Get a chimney starter and some newspaper..it's the only way!
Podevil


----------



## erain (Mar 4, 2008)

agree 100% get a starter chimney or make one from a piece of stove pipe. once you use a chimney you will never go back to fluid, not to mention they pay for themselves by not having to buy the fluid and better yet no worry about any residues getting into your food..... and speaking about residues then theres the briquets-use lump charcoal, pure wood no by products but thats another thread which i bet has already been discussed.


----------



## luv2camp35 (Mar 4, 2008)

Just started the cure...right after I read all the "don'ts". 
	

	
	
		
		



		
		
	


	





I will invest in the chimney. And use only lump in the future.

Thanks guys....


----------



## rvrivalkc (Mar 15, 2008)

Am I to understand that RIVAL no longer makes the KC Smoker?
I am an RVer, and purchased one at Christmas and have been using when we travel.

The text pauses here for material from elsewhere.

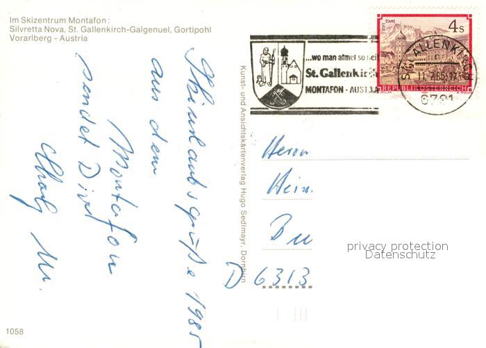 73361317 alte Postkarte St Gallenkirch Vorarlberg Skizentrum Montafon Silvretta Nova Bergdorf Kirche Tiefschneefahren postalisch gelaufen Erhaltung siehe scans [FriedD77] KatCode: 11390341080120
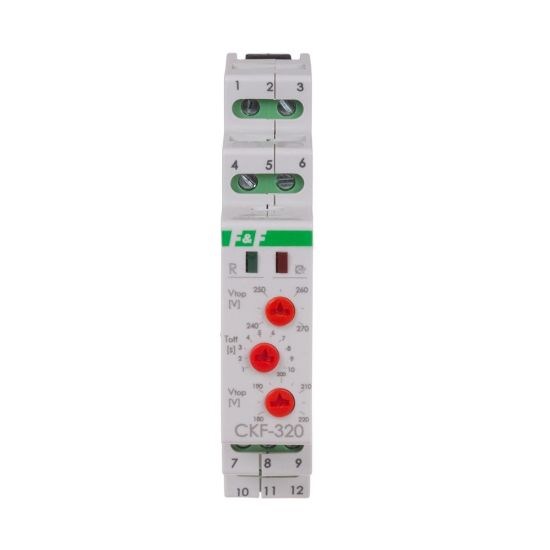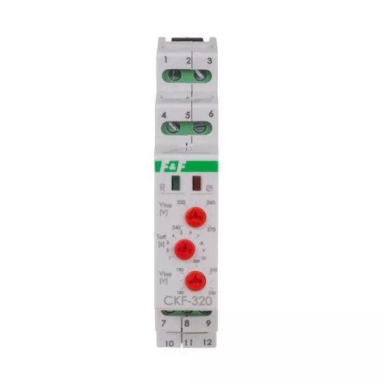 Napięcie zasilania 3 × 400 V + N Współpraca z agregatami prądotwórczymi NIE Kontrola zaniku / asymetrii faz TAK Kontrola kolejności faz TAK Kontrola styków stycznika NIE Element wykonawczy przekaźnik Maksymalny prąd obciążenia 2 × 8 A Konfiguracja styków 2 × NO/NC Separacja styku TAK Minimalne napięcie fazy 150 V Maksymalne napięcie fazy 280 V Zakres regulacji dolnego progu napięciowego 180÷220 V Zakres regulacji górnego progu napięciowego 240÷280 V Histereza napięciowa 5 V Opóźnienie wyłączenia 1÷10 s Opóźnienie załączenia 1÷60 s Kontrola zasilania 2 × LED Opóźnienie wyłączenia przy asymetrii i zaniku 1÷10 s Opóźnienie wyłączenia przy braku fazy 1 s Przyłącze zaciski śrubowe 2,5 mm² Moment dokręcający 0,4 Nm Pobór mocy 1,6 W Temperatura pracy -25÷40°C Wymiary 1 moduł (18 mm) Montaż na szynie 35 mm Stopień ochrony IP20

It is small enough to pack in the RV and does turn out some good Q. Is there anything else on the market that is similar?

Thanks


----------



## luv2camp35 (Mar 15, 2008)

According to Rival Customer Service that unit is no longer made and they don't have a replacement model.  

I am wondering if this is a seasonal item.  I have only seen this around Christmas time.  

I would buy another unit like this simply for the ease of use.  Maybe we can e-mail Ron Popeil to make us a "Set It and Forget It!!!" Smoker.


----------



## mulepackin (Mar 15, 2008)

If you don't want to "invest" in a chimney (they are pretty cheap) you can always make one from a 3 # coffee can. Cut both ends off, then use a church key can opener to pierce several holes on the sides of what will become the bottom. Crumple a sheet or two of newpaper into the bottom, fill with briquettes and light it off.


----------